- AVAILABLE DATA -
--------------------------------------------------

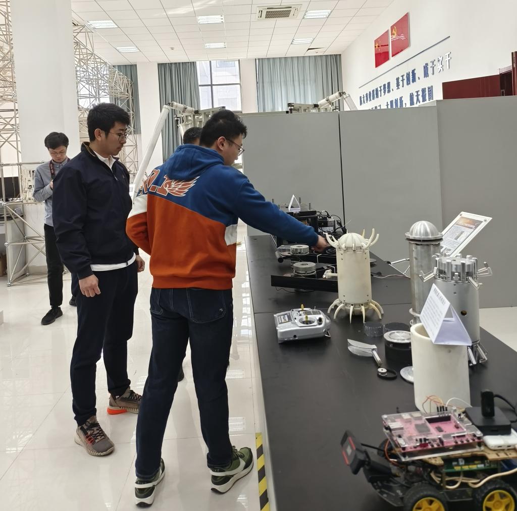 李京阳一行参观了航天进入减速与着陆技术实验室、微小卫星态势感知与操控实验室、光电信息感知与功能材料实验室和南航航天教育教学基地。
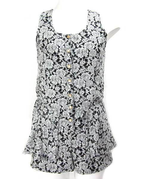 | コメント | デザイン性のあるオシャレなオールインワン。 背中部分は編み上げデザインで、インナーを 楽しむことができます。 両サイドから後ろにかけてお腹周りには オーバースカートの様なデザインになっています。 |
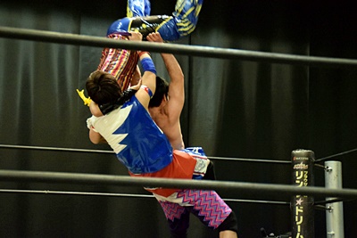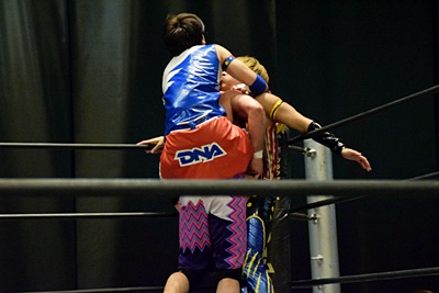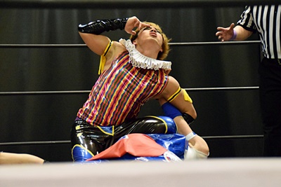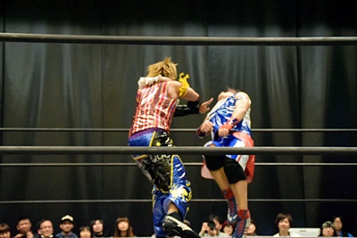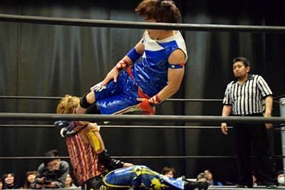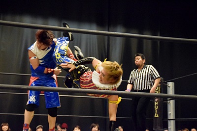 ワンチューロはボディスラムで投げて顔面にドロップキック(右写真)。
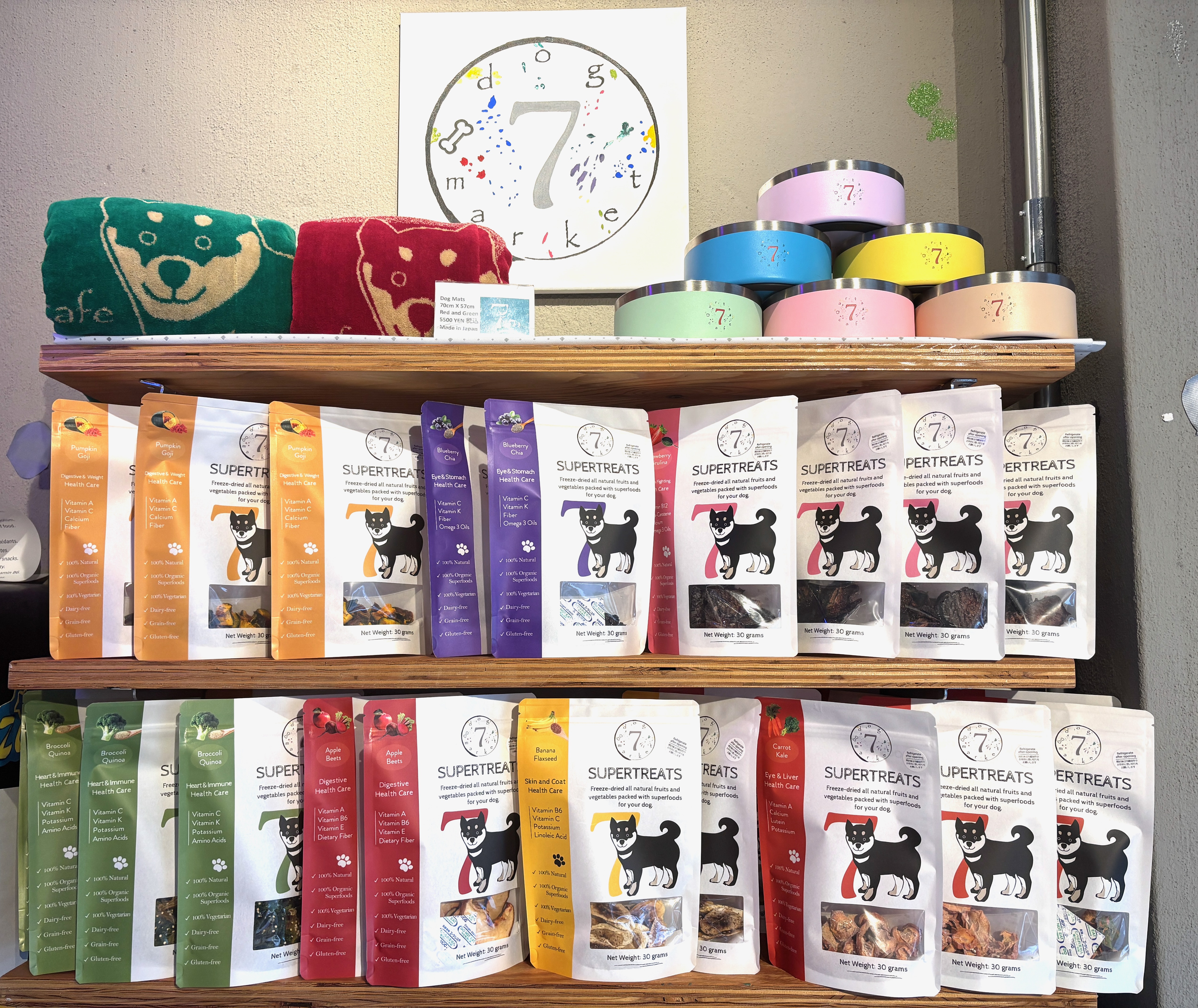 2023年発売。7dogmarketの新商品。犬向けスーパーフードを基にしたナチュラルトリーツは全7種類。

--------------------------------------------------

Reproduce the whole listing verbatim and keep all pictures out of it.

- YOUR RESPONSE -
 李京阳一行参观了航天进入减速与着陆技术实验室、微小卫星态势感知与操控实验室、光电信息感知与功能材料实验室和南航航天教育教学基地。
 | コメント | デザイン性のあるオシャレなオールインワン。 背中部分は編み上げデザインで、インナーを 楽しむことができます。 両サイドから後ろにかけてお腹周りには オーバースカートの様なデザインになっています。 |
 ワンチューロはボディスラムで投げて顔面にドロップキック(右写真)。
 2023年発売。7dogmarketの新商品。犬向けスーパーフードを基にしたナチュラルトリーツは全7種類。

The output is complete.